You are viewing a plain text version of this content. The canonical link for it is here.
Posted to users@opennlp.apache.org by "Jim - FooBar();" <ji...@gmail.com> on 2012/10/20 18:36:23 UTC
subclassing Dictionary failure...
Hello everyone,
as you've probably gathered fromt he subject line, I'm having issues
subclassing the Dictionary class. In a nutshell, I want to be able to
provide a mapping between names and synonyms which the current
dictionary doesn't seem to support. So my approach is the following:
1. create a class (MyDictionary) that extends Dictionary and overrides
'.contains()'
2. MyDictionary calls the constructor of the superclass with no args
(per 'super();')
3. it also hard-codes 'maxTokenCount' and 'minTokenCount' (10 & 1
respectively) because there is no setter method for them and are
declared private. Unless, one reads entries in from a xml file and
'puts' them in the Dictionary via 'EntryInserter' there is no way to
provide them even if we know the correct values. without doing this
the name-finder 'breaks out' the for-loop because this condition
doesn't hold:
if (lengthSearching > d.getMaxTokenCount()) { //maxTokenCount stays 0 if
the .put() is never called
break; //breaks immediately
} else ...
....
anyway, I know it is not pretty to hard-code it like that but I couldn't
think of anything else...I have verified that MyDictionary works as
expected on its own. that is, I'm passing a string to .contains() and it
correctly says true / false. I have also verified that when MyDictionary
is passed to the DictionaryNameFinder it spends some time searching
which implies that the for-loop continues as usual. Before hardcoding
'maxTokenCount' and 'minTokenCount' the call to .find() would finish
instantly cos it was never reaching the call to .contains()...

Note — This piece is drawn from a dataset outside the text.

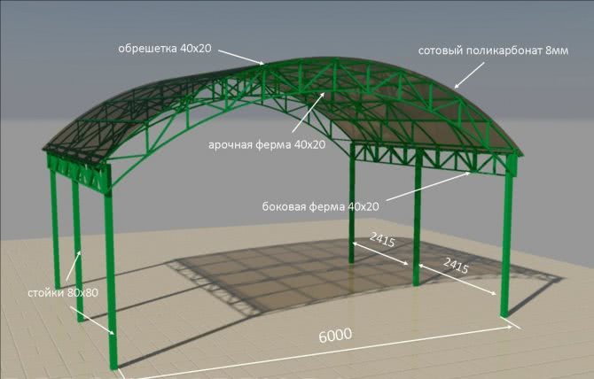- Арочной формы с параллельными верхним и нижним поясами. Арочные фермы из профильных труб востребованы при строительстве навесов для автомобилей, теплиц, беседок.

My problem is that despite everything seemingly working as expected I
get 0 in all statistics!!! I can verify that when i use a proper xml
file with the regular Dictionary i get descent statistics so adding
synonyms in the search space can only improve statistics and decrease
performance. I do see a decrease in performance but certainly not in
performance! very weird stuff...
would you say that I need to follow any extra steps for subclassing the
Dictionary? It has many methods but only the .contains() and the
getMaxTokenCount() are used in the actual .find() method of the NameFinder.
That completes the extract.